Stepwise Clustered Ensemble.

Implementation of Stepwise Clustered Ensemble (SCE) and Stepwise Cluster Analysis (SCA) for multivariate data analysis. The package provides comprehensive tools for feature selection, model training, prediction, and evaluation in hydrological and environmental modeling applications. Key functionalities include recursive feature elimination (RFE), Wilks feature importance analysis, model validation through out-of-bag (OOB) validation, and ensemble prediction capabilities. The package supports both single and multivariate response variables, making it suitable for complex environmental modeling scenarios. For more details see Li et al. (2021) <doi:10.5194/hess-25-4947-2021>.

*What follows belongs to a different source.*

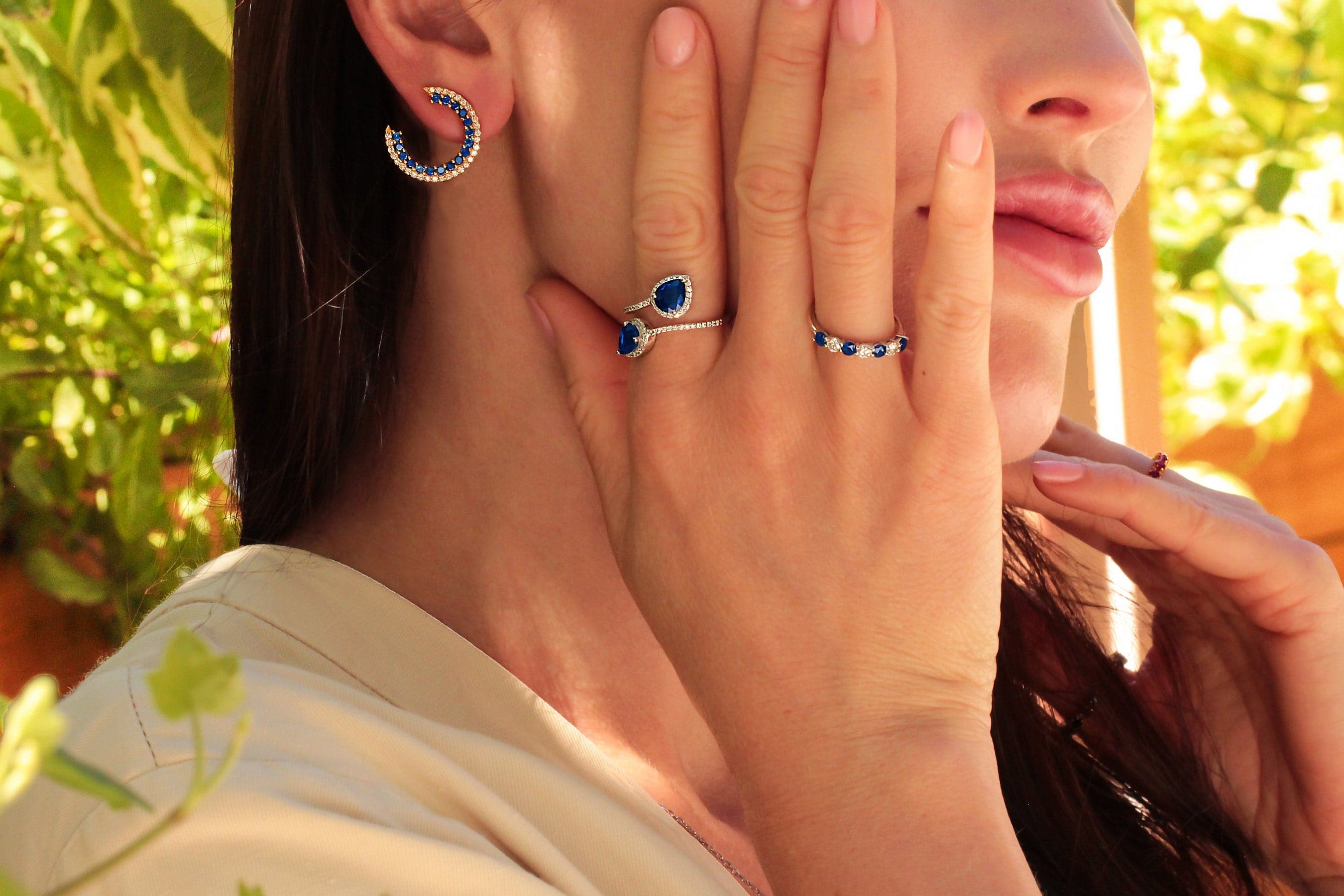 Since ancient times, the crescent has been a symbol of innocence, as well as the beginning and birth of a new life. Earrings with sapphires and diamonds Caelum is a powerful amulet that carries the moon's power and fills the owner with energy to accomplish everything conceived.

SCE: Stepwise Clustered Ensemble

Overview

The SCE (Stepwise Clustered Ensemble) package provides implementation of Stepwise Clustered Ensemble (SCE) and Stepwise Cluster Analysis (SCA) methods for multivariate data analysis. These methods are particularly useful for handling complex, high-dimensional datasets and building robust predictive models.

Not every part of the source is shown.